+++ MATERIAL SHOWN

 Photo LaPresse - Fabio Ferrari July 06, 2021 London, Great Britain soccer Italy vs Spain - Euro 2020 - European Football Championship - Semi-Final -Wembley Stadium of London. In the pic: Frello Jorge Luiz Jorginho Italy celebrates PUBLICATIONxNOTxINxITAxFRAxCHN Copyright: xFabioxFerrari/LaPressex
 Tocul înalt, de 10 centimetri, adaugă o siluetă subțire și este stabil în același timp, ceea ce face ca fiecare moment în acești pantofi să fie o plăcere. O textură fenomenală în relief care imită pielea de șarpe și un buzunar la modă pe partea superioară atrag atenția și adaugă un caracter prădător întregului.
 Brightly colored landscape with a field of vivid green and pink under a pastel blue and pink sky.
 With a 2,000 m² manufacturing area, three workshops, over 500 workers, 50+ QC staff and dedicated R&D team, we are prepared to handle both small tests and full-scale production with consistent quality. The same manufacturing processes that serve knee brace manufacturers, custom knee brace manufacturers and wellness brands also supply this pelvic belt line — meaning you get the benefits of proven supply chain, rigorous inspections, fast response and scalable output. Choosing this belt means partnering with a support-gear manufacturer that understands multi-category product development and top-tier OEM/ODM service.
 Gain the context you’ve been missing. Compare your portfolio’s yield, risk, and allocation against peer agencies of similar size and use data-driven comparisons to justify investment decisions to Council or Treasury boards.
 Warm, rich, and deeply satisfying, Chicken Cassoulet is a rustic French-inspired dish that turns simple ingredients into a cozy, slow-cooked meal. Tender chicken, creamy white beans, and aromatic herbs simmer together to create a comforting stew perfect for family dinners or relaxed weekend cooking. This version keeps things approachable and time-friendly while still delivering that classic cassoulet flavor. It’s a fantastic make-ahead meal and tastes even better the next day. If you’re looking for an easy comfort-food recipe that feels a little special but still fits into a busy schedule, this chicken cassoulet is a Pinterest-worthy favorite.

++++++

WORK TO BE COMPLETED: Word for word, write out every record.

SOLUTION TO THIS PROBLEM:
 Photo LaPresse - Fabio Ferrari July 06, 2021 London, Great Britain soccer Italy vs Spain - Euro 2020 - European Football Championship - Semi-Final -Wembley Stadium of London. In the pic: Frello Jorge Luiz Jorginho Italy celebrates PUBLICATIONxNOTxINxITAxFRAxCHN Copyright: xFabioxFerrari/LaPressex
 Tocul înalt, de 10 centimetri, adaugă o siluetă subțire și este stabil în același timp, ceea ce face ca fiecare moment în acești pantofi să fie o plăcere. O textură fenomenală în relief care imită pielea de șarpe și un buzunar la modă pe partea superioară atrag atenția și adaugă un caracter prădător întregului.
 Brightly colored landscape with a field of vivid green and pink under a pastel blue and pink sky.
 With a 2,000 m² manufacturing area, three workshops, over 500 workers, 50+ QC staff and dedicated R&D team, we are prepared to handle both small tests and full-scale production with consistent quality. The same manufacturing processes that serve knee brace manufacturers, custom knee brace manufacturers and wellness brands also supply this pelvic belt line — meaning you get the benefits of proven supply chain, rigorous inspections, fast response and scalable output. Choosing this belt means partnering with a support-gear manufacturer that understands multi-category product development and top-tier OEM/ODM service.
 Gain the context you’ve been missing. Compare your portfolio’s yield, risk, and allocation against peer agencies of similar size and use data-driven comparisons to justify investment decisions to Council or Treasury boards.
 Warm, rich, and deeply satisfying, Chicken Cassoulet is a rustic French-inspired dish that turns simple ingredients into a cozy, slow-cooked meal. Tender chicken, creamy white beans, and aromatic herbs simmer together to create a comforting stew perfect for family dinners or relaxed weekend cooking. This version keeps things approachable and time-friendly while still delivering that classic cassoulet flavor. It’s a fantastic make-ahead meal and tastes even better the next day. If you’re looking for an easy comfort-food recipe that feels a little special but still fits into a busy schedule, this chicken cassoulet is a Pinterest-worthy favorite.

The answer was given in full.